Introduction to breast feathers

Belding's Savannah Sparrow showing the feather groups on the underside of the body. Moving the cursor over the image will show the outline of the breast feathers. Photo taken in San Diego CA, copyright David Sibley.

One of the well-defined groups of feathers on the underside of a bird is what we call the breast. In reality, on songbirds these feathers grow from the front of the neck, extending down so that the tips of the feathers (which is all we can see) cover the foreparts of the body – the breast. Given that they are attached to the neck, the breast feathers move around a lot depending on whether the neck is coiled or outstretched.

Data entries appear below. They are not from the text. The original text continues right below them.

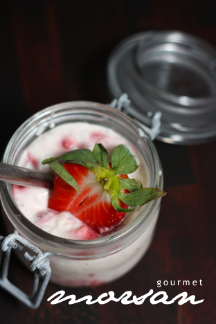 Men, men, den blev ju trots allt lite charmig ändå! Åh krämen blev förträffligt god… jag drömde mig bort några sekunder till en varm dag i juni, när grönskan är som bäst och jordgubbarna lyser röda i landen. Härligt! Nu längtar jag… Gör ni?
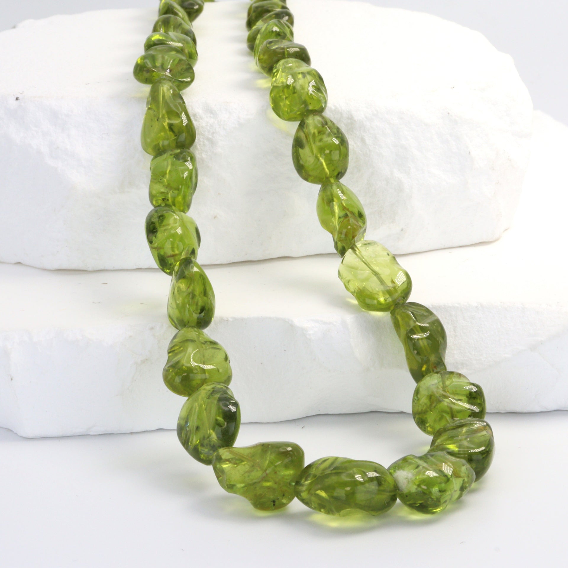 Green Peridot 10x8mm - 14x12mm Smooth Nuggets Bead Strand
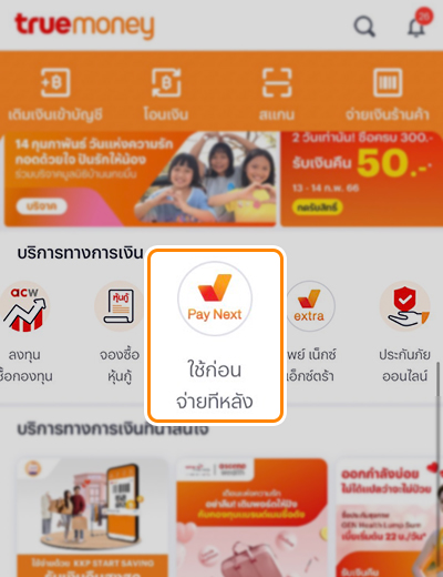 3. เลือก เพย์ เน็กซ์ (ใช้ก่อน จ่ายทีหลัง)

The breast feathers usually show a fairly sharp distinction from the throat and nape feathers above and a more subtle shadow where they meet the flank and belly feathers below. In the case of the Savannah (Belding’s) Sparrow shown above notice that the brownish streaks on the breast feathers are not lined up with the streaks on the flanks.

Below are two more photographs showing the breast feathers. Moving your cursor over the images will show the outline of the breast feathers.

White-crowned Sparrow. Photo taken at Pine Butte Guest Ranch, Montana, copyright David Sibley.
Tree Swallow. Photo taken at The Nature Conservancy's Pine Butte Guest Ranch in Montana, copyright David Sibley.

2 thoughts on “Introduction to breast feathers”

  1. Cynthia I. Overgaag

    Does anyone know if seeing a tufted titmouse with almost bald breast area is cause for concern? Is it contagious to other birds?